Оценить:
 Рейтинг: 4.5

Самвел

<< 1 ... 6 7 8 9 10 11 12 13 14 ... 87 >>
На страницу:
10 из 87
Настройки чтения
Размер шрифта
Высота строк
Поля
Эти три храма с их огромными богатствами были местами языческих жертвоприношений – «Яштскими местами».

На новый год армян, в начале месяца Навасард[26 - Навасард – первый месяц года в древней Армении. Год имел 12 месяцев, а каждый месяц насчитывал 30 дней. За последним месяцем шло еще пять дней, дополнявших общий счет года – 365 дней.], здесь происходило всенародное празднество, на котором присутствовали армянский царь, верховный жрец Армении и нахарары. Царь открывал великое торжество жертвоприношением – гекатомбой из белых волов с позолоченными рогами. Примеру его следовала вся знать.
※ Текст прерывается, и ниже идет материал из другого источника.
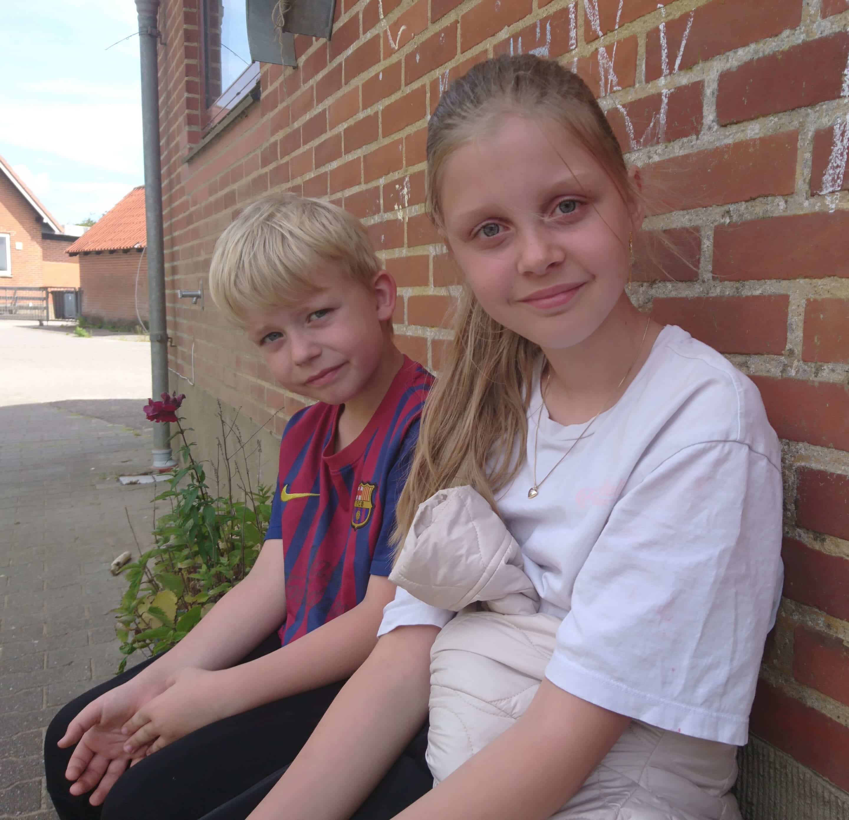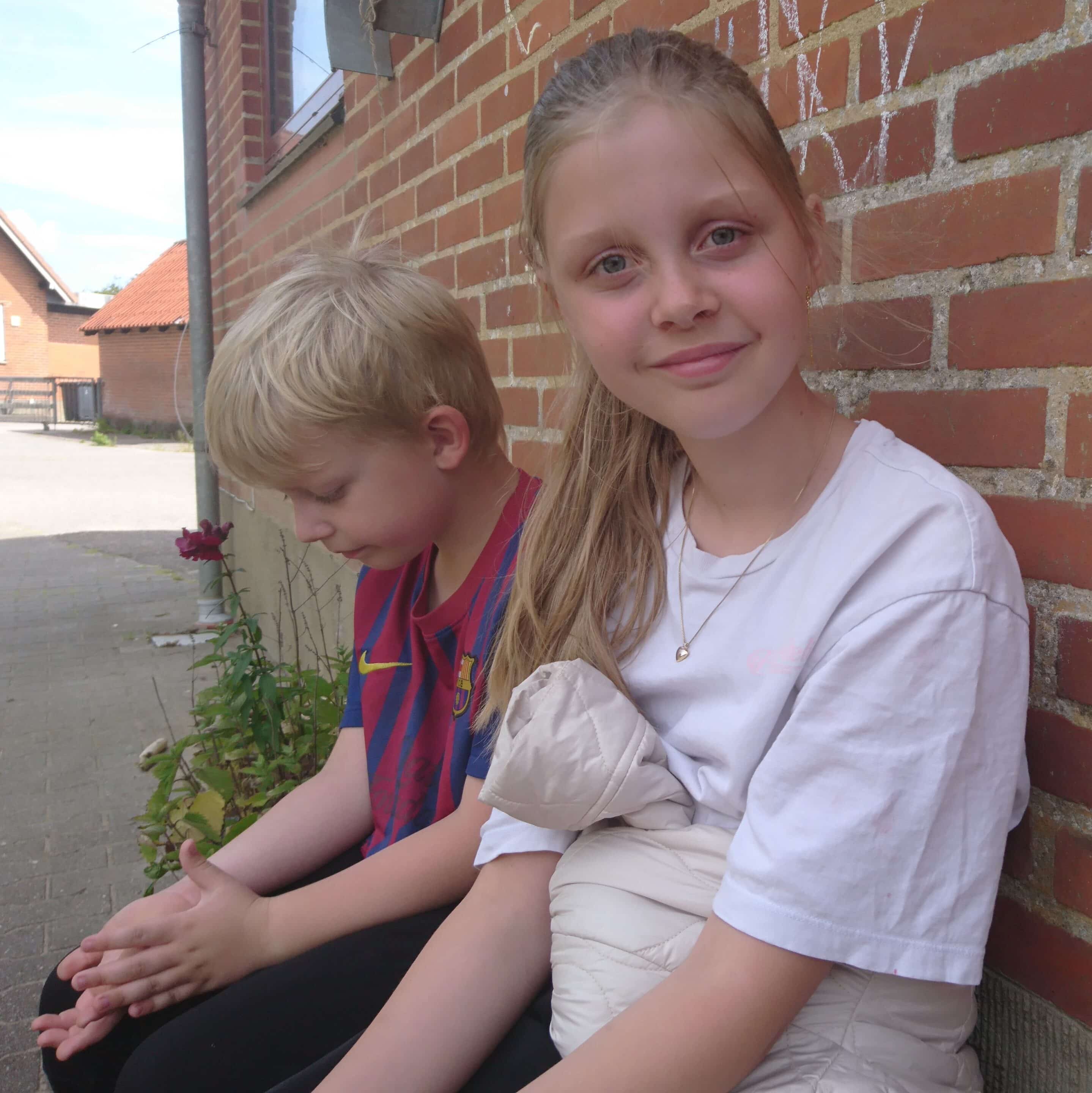 På en bænk op ad muren finder Her På Øen Christian Mo Andersen der går i 1. klasse, og Astrid Svane Sørensen fra 4. klasse.

Новый год приносил с собой и новую жизнь. Армении во время этого празднества надлежало показать своим богам плоды успехов прошлого года. Вахаги требовал от своего народа храбрости, Анаит – успеха в ремесле, Астхик – любви и поэзии.

Совершались соревнования в талантах и доблестях. Поэт пел сложенные им песни, музыкант играл на бамбирне[27 - Бамбирн – музыкальный струнный инструмент, бывший в употреблении у древних армянских рапсодов, которые под его аккомпанемент пели свои песни.], борец показывал силу своих мускулов, а мастер – произведения своего искусства.

Здесь происходили военные игры, поединки между смелыми борцами, бои с разъяренными быками и зверями. Здесь происходили ристания на лошадях, на колесницах, а также бега, в которых люди состязались с быстроногими оленями. Победитель получал один из тех розовых венков, которыми был украшен храм Астхик, и потому празднество это называлось Вардавар[28 - Вардавар – по-армянски «украшенный розами». В этот день обливали друг друга водой, дома украшали зеленью и цветами, преимущественно розами. После введения христианства этот праздник, посвященный богине Астхик, перешел в праздник Преображения.].

Новый год приносил с собой и новую жизнь. Старый год уходил. Надо было искупить старые грехи и очищенными вступить в новую жизнь: для этого совершалось общее омовение. Верховный жрец брал из волн Арацани святую воду и золотой кистью окроплял народ. Богомольцы, следуя его примеру, брызгали водою друг в друга.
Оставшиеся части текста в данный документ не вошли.